My Gym Teacher Is an Alien Overlord (3 page)

Lara shuffled her feet and smiled at me shyly. “Luke, I want to tell you something. It's kind of . . . awkward. It's not something I expected to say to you, but—”

Just then, two kids from her English class swung past, and Lara looked alarmed. Her tone changed. “Oh, I'm going to be late. Gotta shoot,” she said, hurrying off. “We should do lunch,” she called over her shoulder. “It's veggie lasagna in the cafeteria tomorrow.” And with that she turned the corner and was gone.

I stood in the empty corridor, thinking over what she'd just said. Apart from her acting all weird, two things bothered me. One, I hated veggie lasagna. Two, airplanes didn't fall out of the sky for no reason.

The Salmon Fillet of Doom

“No more
Star
Guy
for you, Luke Alfred Parker.”

When Mom discovered what had happened at school, she hit the roof. She marched into my bedroom and removed the Xbox, informing me that I could have it back at the end of the break,
if
I managed to stay out of trouble until then. Brilliant. First no S.C.A.R.F., and now no video games. I considered getting down on my knees and pleading, but I knew it would do no good. Mom was as likely to change her mind as the Joker was to start performing at children's parties.

She wouldn't let me near the computer in the living room either, which made it impossible to probe the mystery of the plummeting airplanes. I was reduced to watching the news on TV like someone from the olden days.

Annoyingly, the midair rescue was even more amazing than Lara had made it sound. As usual these days, every moment had been caught on multiple camera phones. First, you see the landing lights of the three planes as they line up for the runway. Then there's a flash and the planes suddenly drop.

The TV newspeople had overlaid the pictures with the conversation between the pilots and air traffic control. So as the first plane nosedives, you hear, “Control Tower, this is Delta Two Four. Experiencing catastrophic power loss to both engines. Attempting restart. Mayday. Mayday.” Before the control tower can respond, you hear the other two pilots call in the exact same Mayday from their cockpits.

There was even video from inside the planes. The passengers are screaming and crying. The man holding the camera phone is desperately recording a message for his children. Saying good-bye. It's awful.

And then . . .

“Look!” shouts the woman in the seat beside him, pointing a shaking finger at the window. The man turns his phone. At first you can't see anything, but suddenly there, dropping through the clouds at three hundred miles per hour, streaking to the rescue, it's . . .

“Star Guy!” cries the woman.

“And . . . the other one!” shouts the man.

The coverage switches back to the outside of the planes. You see Star Guy approaching, cape fluttering in the wind, sun glinting off his sigil. He loops around the wings, containing the failing engines with his force field; then he uses his telekinetic power to stop the planes' rapid descent. Dark Flutter dispatches pigeons to the wingtips, steadying the aircraft. Then Star Guy flies alongside the cockpit of the first aircraft and throws the pilots a salute, before leading them in for a perfect landing.

Inside, the passengers' screams turn to whoops of excitement. The man with the camera is crying, telling his kids that he'll see them soon.

Even I had to admit that my brother was getting the hang of this superhero business.
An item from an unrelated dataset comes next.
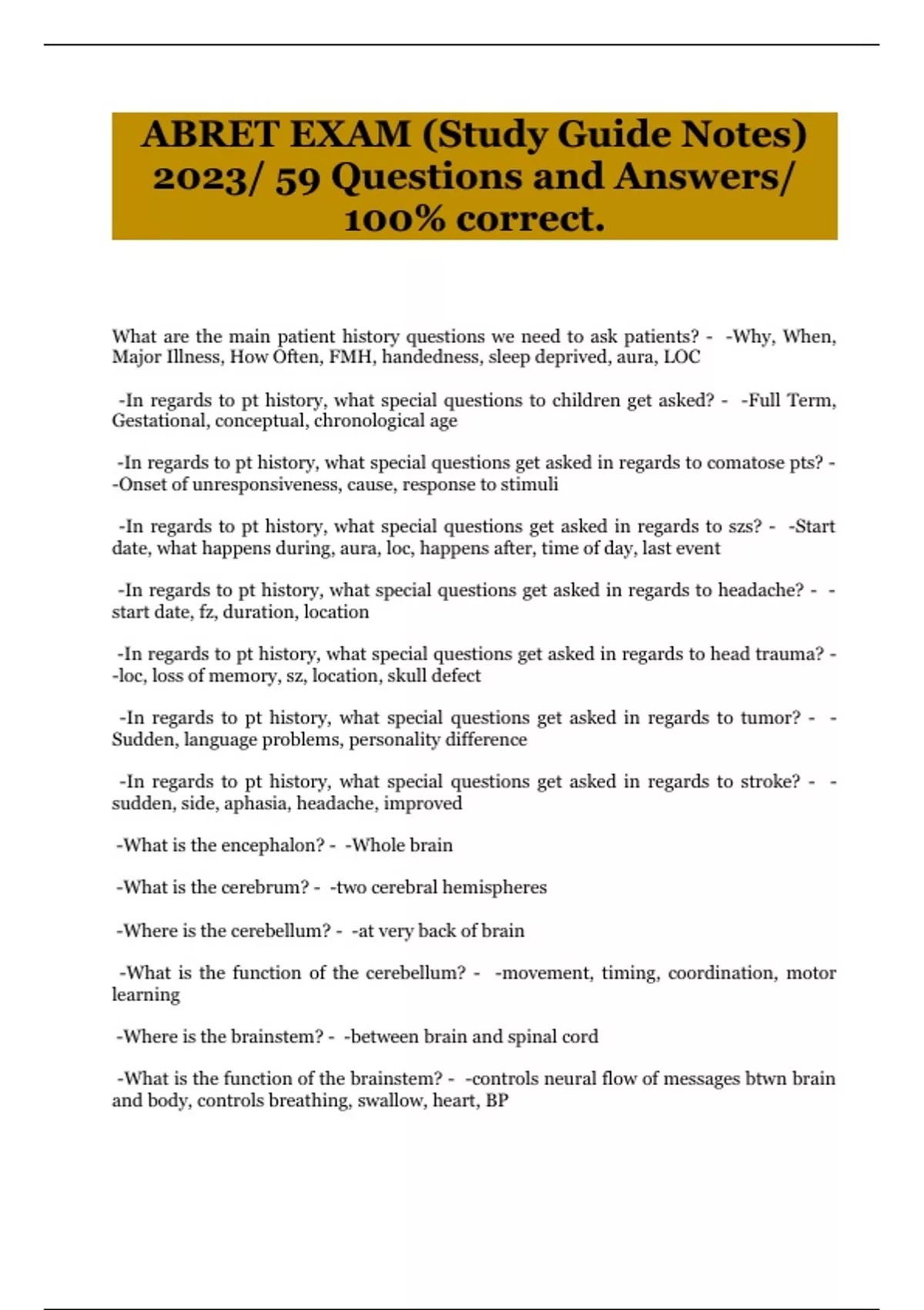 ABRET EXAM (Study Guide Notes) 2023/ 59 Questions and Answers/ 100% correct

The salute was a particularly nice touch.

“Those passengers were very lucky,” said Mom, wiping away a tear as we watched them slide down the emergency chutes onto the runway in front of a line of waiting ambulances and fire engines.

Statistically, she couldn't have been more wrong. The chances of three modern airplanes going down like that at precisely the same moment in the same airspace were infinitesimally low. That's what made it so suspicious. “What do you mean?” I asked.

“If that had happened anywhere else in the world, Star Guy wouldn't have been around to save them.”

I hadn't thought of that. Mom was right. Could it be a coincidence, or did it point to something more significant? If I was going to investigate, I needed the Internet.

“Mom, I really need the computer to do my homework.”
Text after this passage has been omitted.